Posted: June 25, 2017 at 2:08 pm

Gay movements in Canada must confront the history of the Canadian state or risk folding into the nation-building project of dispossession

As Canada 150 draws nearer, those committed to supporting Indigenous sovereignty and dislodging the power of colonialism are faced with the task of dispelling the myth of Canada as a benevolent nation. While the expanding grip of neoliberalism has given rise to a reactionary global right-wing populism, the violence of supposedly progressive liberal settler-colonial states has fallen through the cracks of popular analysis and comprehension.

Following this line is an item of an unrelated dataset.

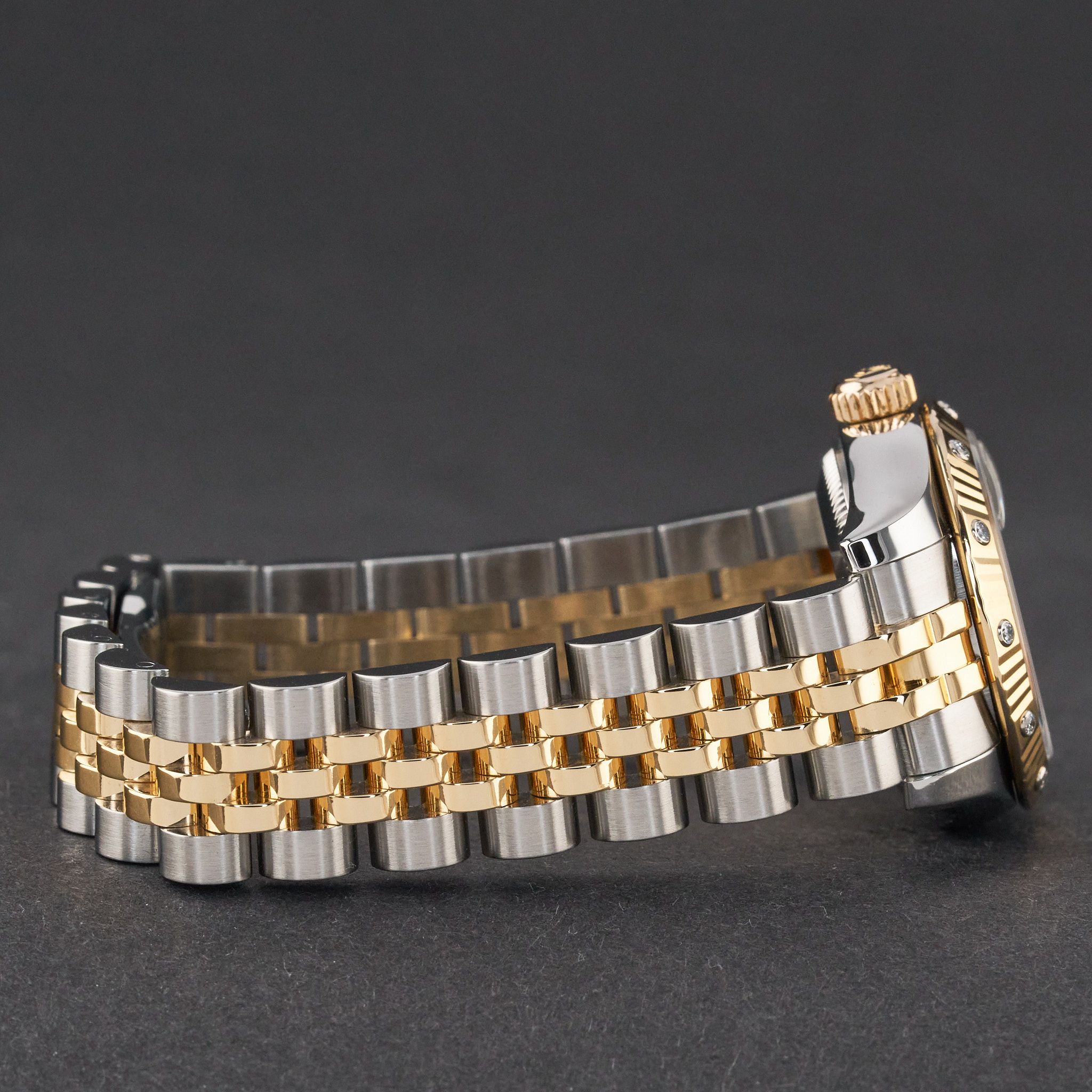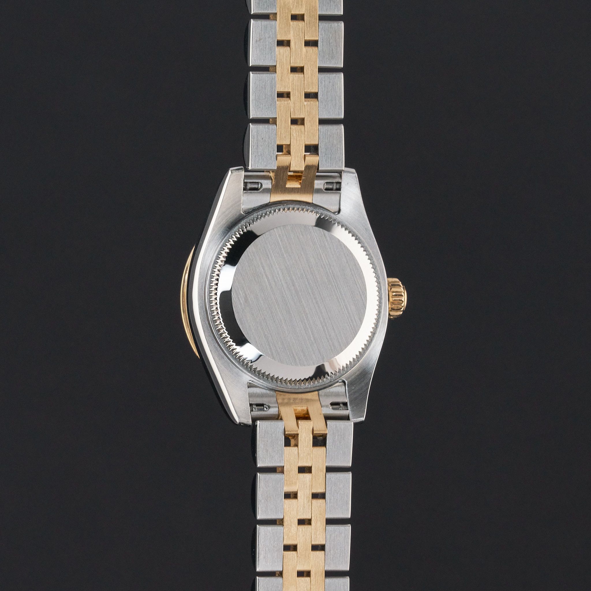 This Rolex Lady-Datejust 179313 features a Black sunbeam Roman dial and is crafted from 18K yellow gold and stainless steel, with a production year of 2006.Case No: D51XXXX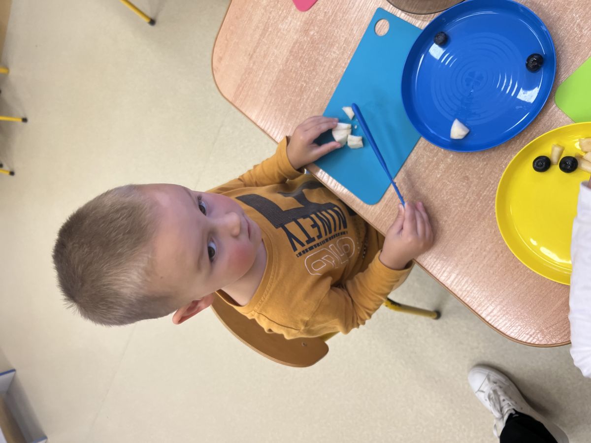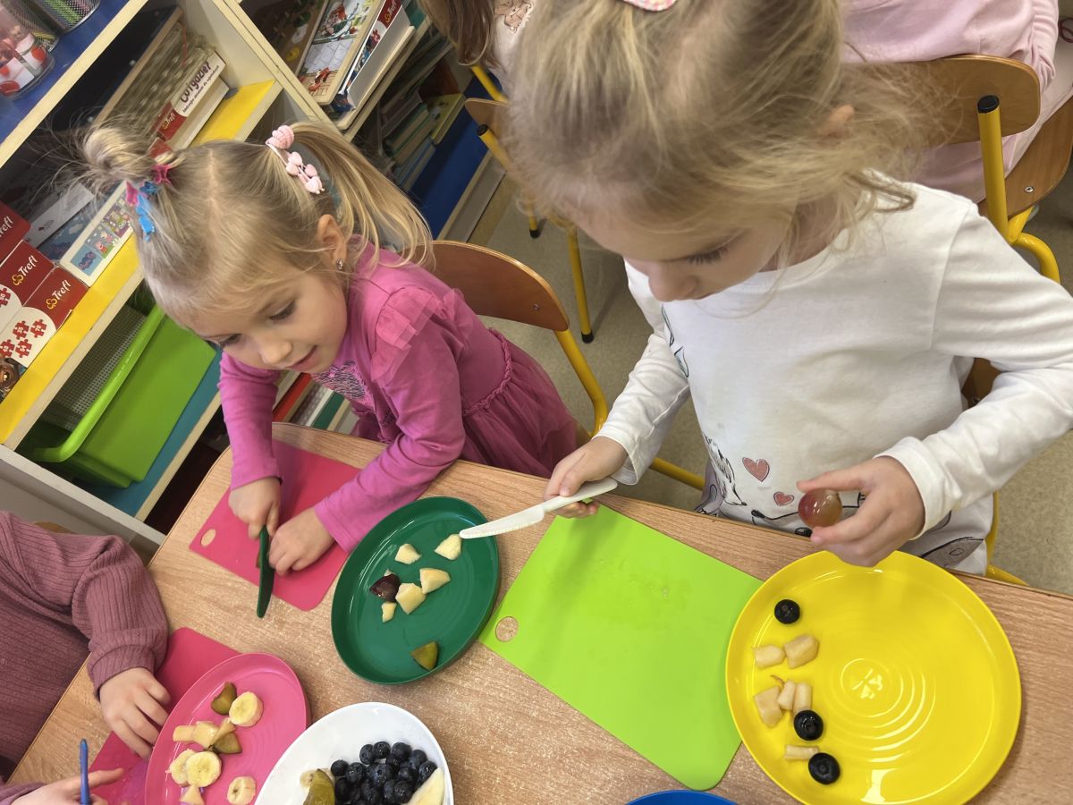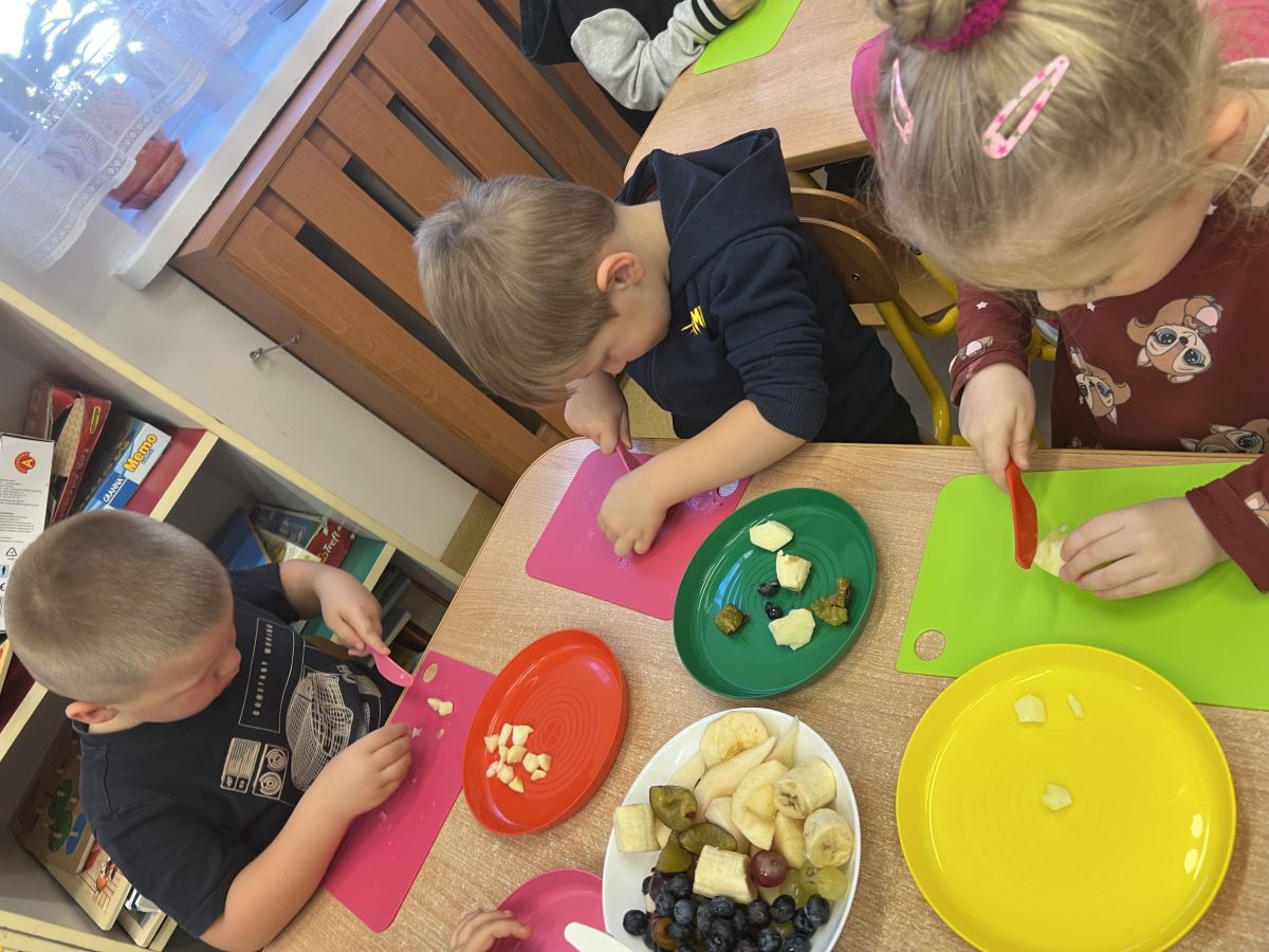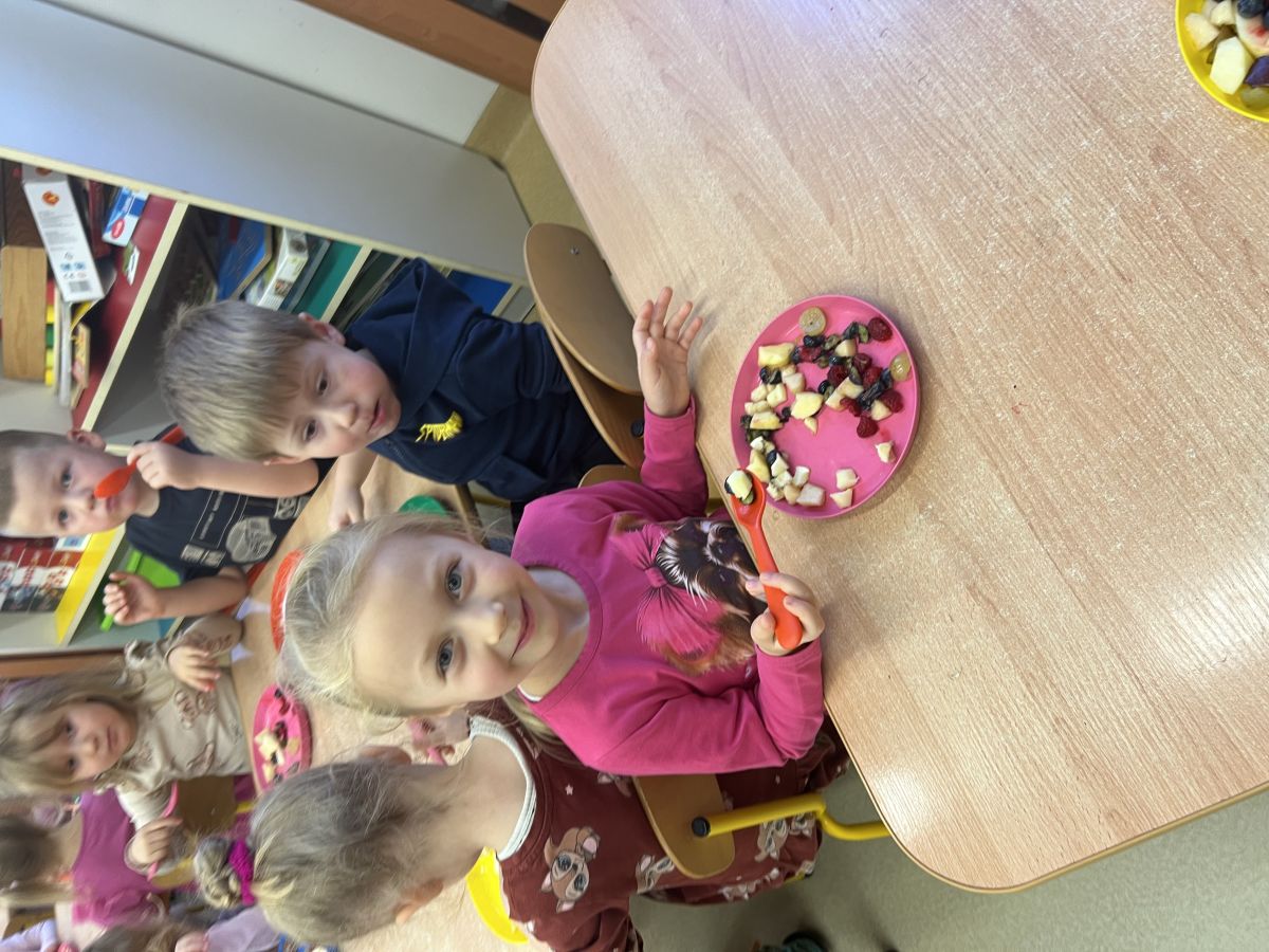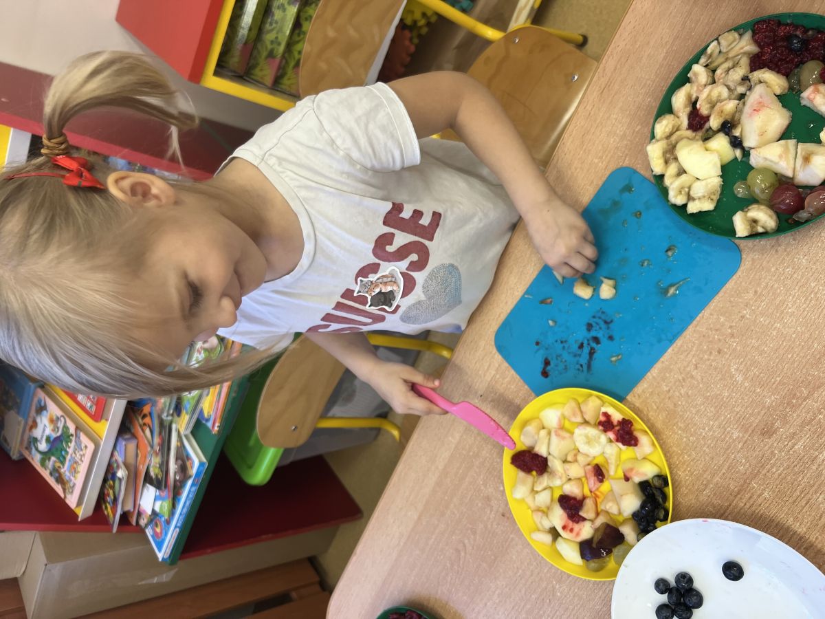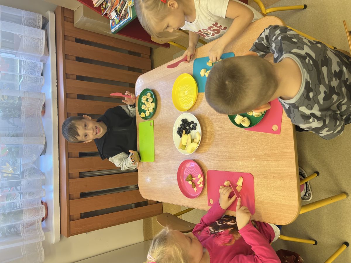 Dziś w grupie drugiej małe zuchy ćwiczyły swoje rączki podczas krojenia owoców na sałatkę owocową.Było pysznie 🥰

One of the more recent assets to the liberal nation-state has been Gay Pride. Today the event is perhaps entering its most contentious year in Vancouver. Breaking the silence that generally surrounds Gay Pride, queer and trans activists, led by Black Lives Matter Vancouver, are calling for the removal of any inclusion of the police/carceral state from the annual march (Vancouver Police Department, RCMP, Corrections Canada etc). But for nearly the past three decades, Pride and associated queer festivals have repeatedly shown their allegiances to the rich (through corporate partnership) and to projects of settler-colonialism, for example by accepting and promoting the occupation of Palestinian land through Brand Israel Pinkwashing propaganda among festival floats and sponsors globally. The truth is that Canadian homosexuals have long been in bed with the state apparatus and its colonial interests.

While commie fags and trans dissidents have always existed, a new wave of resistance is emerging in response to a growing neoliberalization and corporatization within the mainstream LGBT community. In particular the past decade of radical queer leftist organizing in North America and abroad has attempted to reposition and re-emphasize the political origins of gay liberation as being founded in disruption and riot. Groups such as Black Lives Matter Toronto and anti-capitalist queer groups such as Gay Shameand the Against Equality archive have worked tirelessly to bring to the forefront of our collective zeitgeist the idea that state violence cannot be reformed or diversified. While the state and its police attempt to apologize for the crimes they have committed historically against queer and trans people, activists have shown up to confront them and the mainstream gay populace with the selectively forgotten histories of co-optation and current state practices of pinkwashing and assimilation.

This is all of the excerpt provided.